• **WHAT THIS TASK INVOLVES**:
Output each record exactly, excluding pictures.

• **INPUT DATA**:
========================================================================

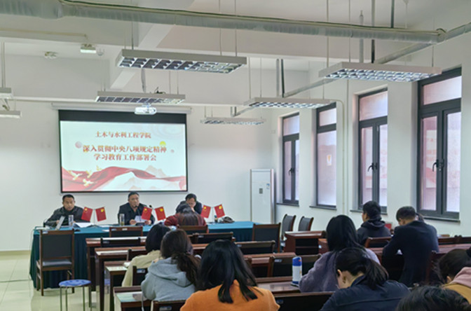 此次部署会的召开,标志着土木与水利工程学院深入贯彻中央八项规定精神学习教育工作全面启动。学院将以高度的政治责任感和使命感,扎实推进学习教育工作,努力打造一支政治坚定、作风优良、业务精湛的高素质教职工队伍,为学校和学院各项事业的发展提供坚强的政治保障和纪律保障。(撰稿:张饮;编辑:张饮、毛星懿;审核:张兆亮、黄灿)
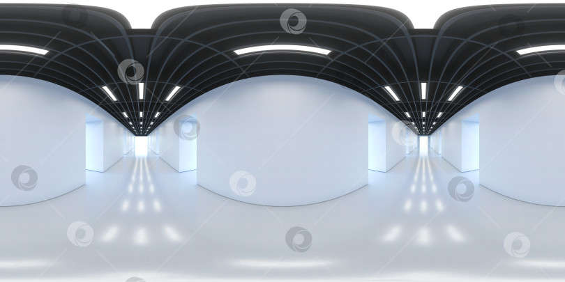 HDRI. Интерьер. Полная сферическая панорама пустого зала на 360 градусов. Декорации для выставок и мероприятий. Маркетинговый макет. 3D-рендеринг-иллюстрация.
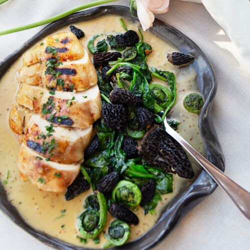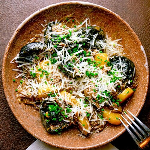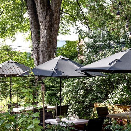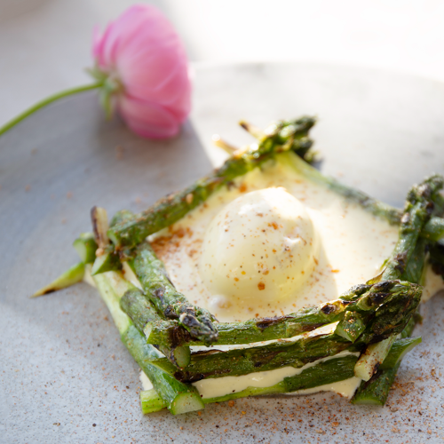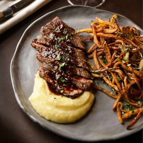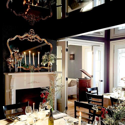 In the center of Granby, 90 minutes from Montreal, a Four Square-style cube-shaped house catches the eye with its coffee-colored wooden cladding and white detailing. A terrace, kitchen garden, and herb garden on the roof set the tone, heralding the taste sensations to come! Inside, warmth meets simplicity: a refined bar, a glassed-in wine cellar, black tables, and an open kitchen with a chef's counter. Two crackling maple wood fires call to mind a steakhouse. The cooking, mostly over an open flame, brings the best out of the vegetables, fish, and meat, which are carefully selected by the chef.
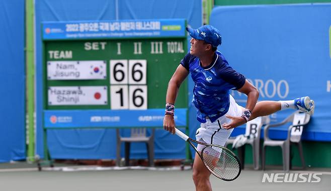 [광주=뉴시스] 이영주 기자 = 3일 오전 광주 남구 진월국제테니스장에서 열린 2022 광주오픈 국제 남자 챌린저테니스대회 예선, 남지성 선수가 상대 하자와 신지 선수와의 2세트 동점 상태에서 서브를 날리고 있다. 2022.10.03. leeyj2578@newsis.com
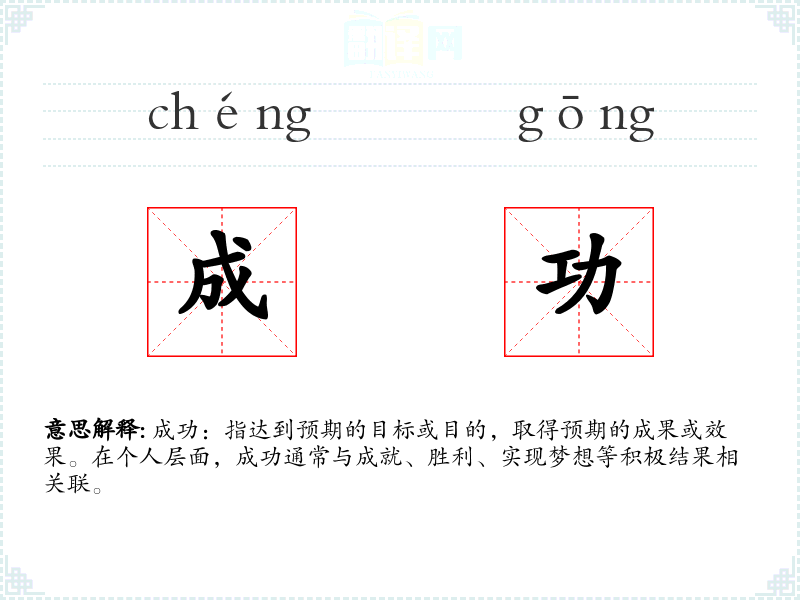 成功:指达到预期的目标或目的,取得预期的成果或效果。在个人层面,成功通常与成就、胜利、实现梦想等积极结果相关联。
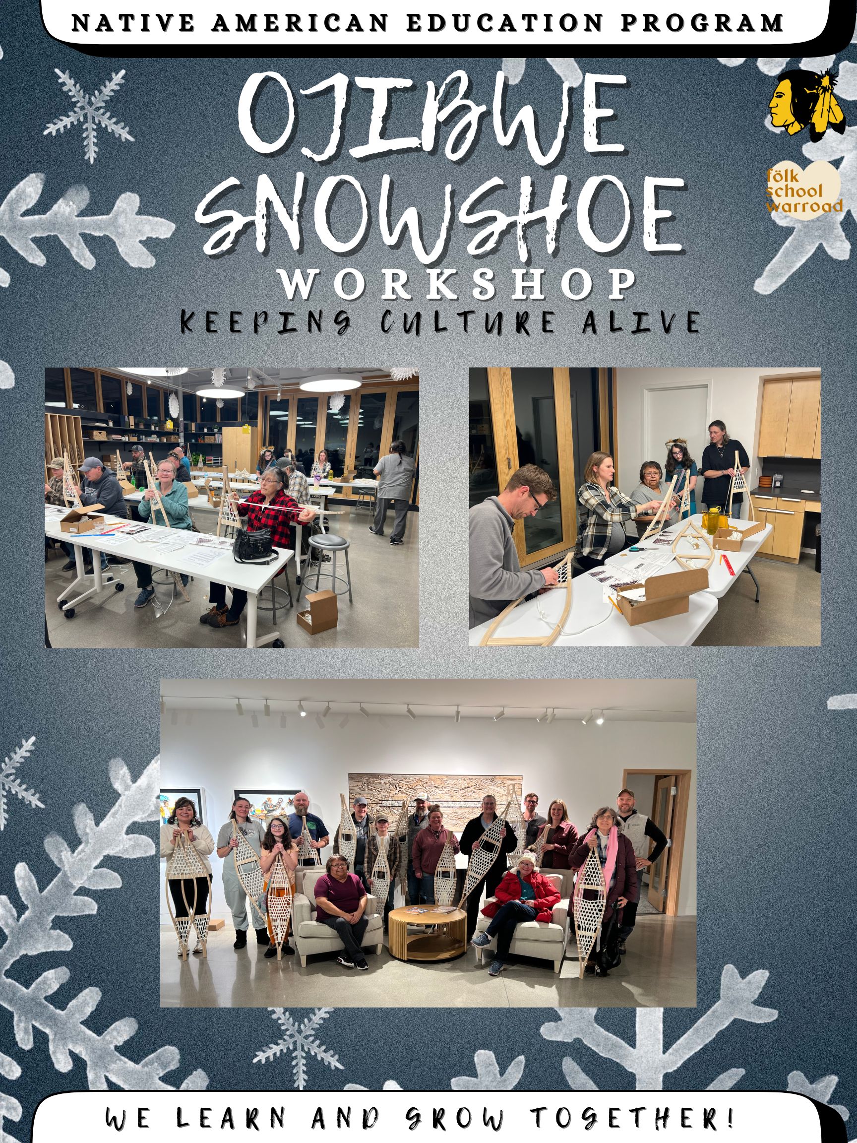 The WPS Native American Education Program and Warroad Folk School were proud to come together as a team to honor Native American culture! keeping traditions alive by learning and sharing, and to ensure these stories and teachings continue for generations to come! It was an amazing two-day workshop, held at RiverPlace on the evening of January 13 and 14, with delicious snacks each evening provided by " The Hawk catering services". Heartfelt thank you to our amazing instructors, Ms. Kathy Napper and Mr. Jackson Harren. |
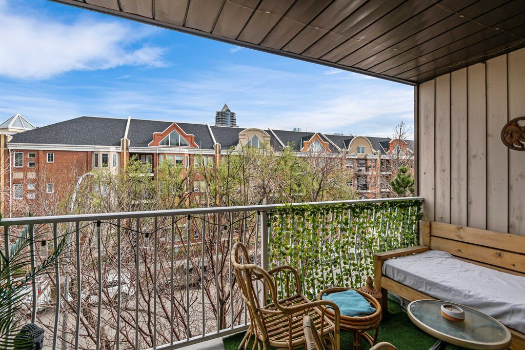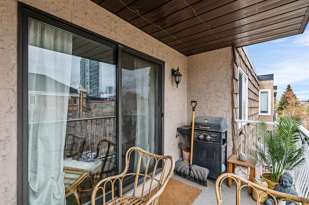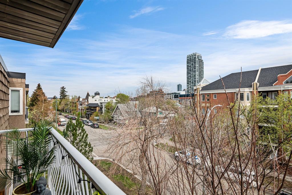 Have you ever wanted to live a lock it and leave lifestyle in the inner city? Look no further than this amazing top floor apartment style condo in one of Calgary's most vibrant neighbourhoods, Lower Mount Royal. From nightlife to shopping to cafes to parks, this area checks all of the boxes. This beautiful, quiet street is filled with recently constructed infills and homes with classic brick architecture. This unit is spacious and bright and offers a large Living room leading out to a great balcony with amazing views, aluminum rails and duradek flooring! The contemporary kitchen looks on trend features white cabinetry, updated counters & newer appliances including the ceramic top convection. oven. The dining area can accommodate family and friends with room to spare. You'll also enjoy the large Master bedroom that could accommodate a King sized bed, the updated four piece bathroom, an inviting entry plus the in suite laundry with front loading washer & dryer! Other features include secured parking and a separate, secured storage locker on the main floor! Top this all off with a reasonable condo fee that includes heat and water and you have a great starter home in a fantastic area. Don't sleep on this one! (id:22211)
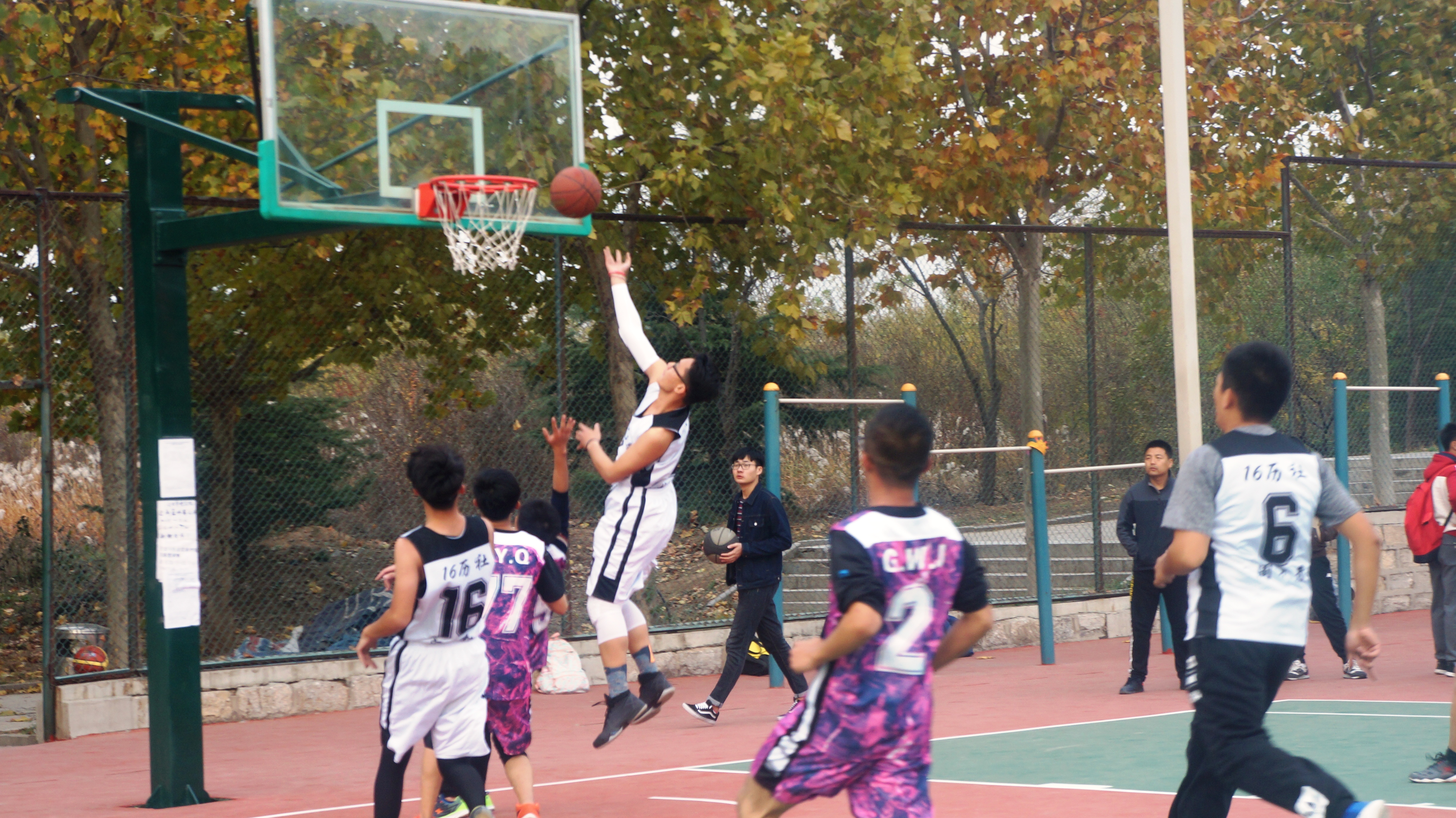 为丰富我院学生课余生活,增强团队精神和集体凝聚力,进一步增强新生间互通交流,10月31日,历史与社会发展学院于长清湖校区高地篮球场举办迎新篮球赛。学院党委副书记颜春杰,2016级辅导员高伟,2015级辅导员梁肖到场观看比赛,2016级和2017级本科生代表队参赛。
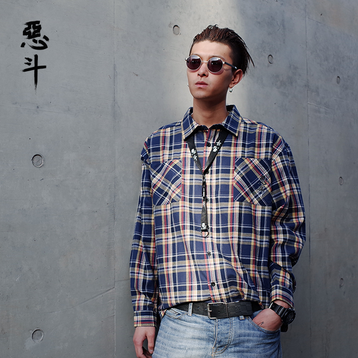 衬衫采用 oversize 廓形,下摆侧边加入了开叉设计,能够适应多种搭配方式。纽扣开版加入 EDOU 图案,增加品牌辨识度,提升质感,并在左胸口袋位置印有恶斗 logo。以深蓝为主、配合白、黄、红四色交织格纹,提升造型活力与跃动感。
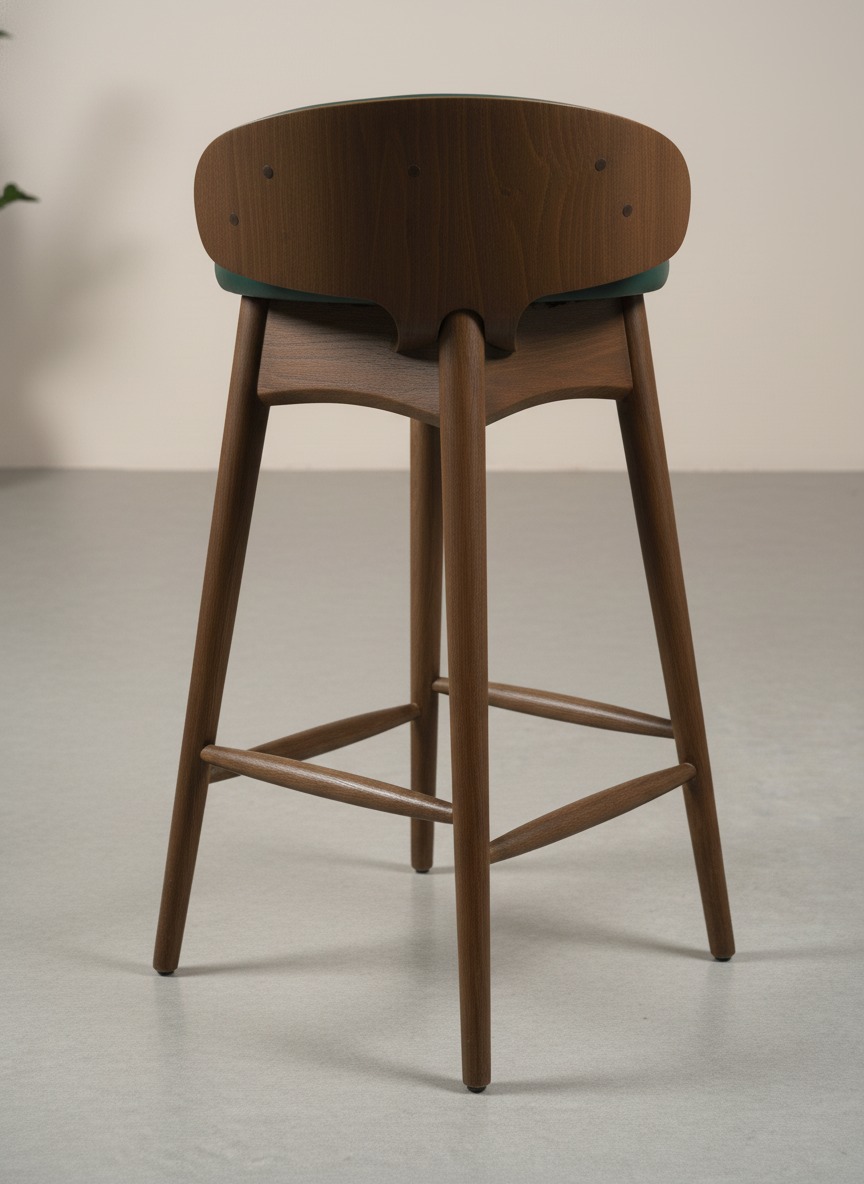 Yüksek kaliteli ahşap iskeleti ve ergonomik yuvarlak oturma alanı ile hem estetik hem de konforu bir arada sunan bu bar taburesi, mutfak adaları, ev barları ve ticari mekanlar için idealdir. Dayanıklı ayak yapısı ve şık tasarımıyla mekanınıza sofistike bir hava katar.

========================================================================

• **ANSWER FOR THIS EXERCISE**:
 此次部署会的召开,标志着土木与水利工程学院深入贯彻中央八项规定精神学习教育工作全面启动。学院将以高度的政治责任感和使命感,扎实推进学习教育工作,努力打造一支政治坚定、作风优良、业务精湛的高素质教职工队伍,为学校和学院各项事业的发展提供坚强的政治保障和纪律保障。(撰稿:张饮;编辑:张饮、毛星懿;审核:张兆亮、黄灿)
 HDRI. Интерьер. Полная сферическая панорама пустого зала на 360 градусов. Декорации для выставок и мероприятий. Маркетинговый макет. 3D-рендеринг-иллюстрация.
 In the center of Granby, 90 minutes from Montreal, a Four Square-style cube-shaped house catches the eye with its coffee-colored wooden cladding and white detailing. A terrace, kitchen garden, and herb garden on the roof set the tone, heralding the taste sensations to come! Inside, warmth meets simplicity: a refined bar, a glassed-in wine cellar, black tables, and an open kitchen with a chef's counter. Two crackling maple wood fires call to mind a steakhouse. The cooking, mostly over an open flame, brings the best out of the vegetables, fish, and meat, which are carefully selected by the chef.
 [광주=뉴시스] 이영주 기자 = 3일 오전 광주 남구 진월국제테니스장에서 열린 2022 광주오픈 국제 남자 챌린저테니스대회 예선, 남지성 선수가 상대 하자와 신지 선수와의 2세트 동점 상태에서 서브를 날리고 있다. 2022.10.03. leeyj2578@newsis.com
 成功:指达到预期的目标或目的,取得预期的成果或效果。在个人层面,成功通常与成就、胜利、实现梦想等积极结果相关联。
 The WPS Native American Education Program and Warroad Folk School were proud to come together as a team to honor Native American culture! keeping traditions alive by learning and sharing, and to ensure these stories and teachings continue for generations to come! It was an amazing two-day workshop, held at RiverPlace on the evening of January 13 and 14, with delicious snacks each evening provided by " The Hawk catering services". Heartfelt thank you to our amazing instructors, Ms. Kathy Napper and Mr. Jackson Harren. |
 Have you ever wanted to live a lock it and leave lifestyle in the inner city? Look no further than this amazing top floor apartment style condo in one of Calgary's most vibrant neighbourhoods, Lower Mount Royal. From nightlife to shopping to cafes to parks, this area checks all of the boxes. This beautiful, quiet street is filled with recently constructed infills and homes with classic brick architecture. This unit is spacious and bright and offers a large Living room leading out to a great balcony with amazing views, aluminum rails and duradek flooring! The contemporary kitchen looks on trend features white cabinetry, updated counters & newer appliances including the ceramic top convection. oven. The dining area can accommodate family and friends with room to spare. You'll also enjoy the large Master bedroom that could accommodate a King sized bed, the updated four piece bathroom, an inviting entry plus the in suite laundry with front loading washer & dryer! Other features include secured parking and a separate, secured storage locker on the main floor! Top this all off with a reasonable condo fee that includes heat and water and you have a great starter home in a fantastic area. Don't sleep on this one! (id:22211)
 为丰富我院学生课余生活,增强团队精神和集体凝聚力,进一步增强新生间互通交流,10月31日,历史与社会发展学院于长清湖校区高地篮球场举办迎新篮球赛。学院党委副书记颜春杰,2016级辅导员高伟,2015级辅导员梁肖到场观看比赛,2016级和2017级本科生代表队参赛。
 衬衫采用 oversize 廓形,下摆侧边加入了开叉设计,能够适应多种搭配方式。纽扣开版加入 EDOU 图案,增加品牌辨识度,提升质感,并在左胸口袋位置印有恶斗 logo。以深蓝为主、配合白、黄、红四色交织格纹,提升造型活力与跃动感。
 Yüksek kaliteli ahşap iskeleti ve ergonomik yuvarlak oturma alanı ile hem estetik hem de konforu bir arada sunan bu bar taburesi, mutfak adaları, ev barları ve ticari mekanlar için idealdir. Dayanıklı ayak yapısı ve şık tasarımıyla mekanınıza sofistike bir hava katar.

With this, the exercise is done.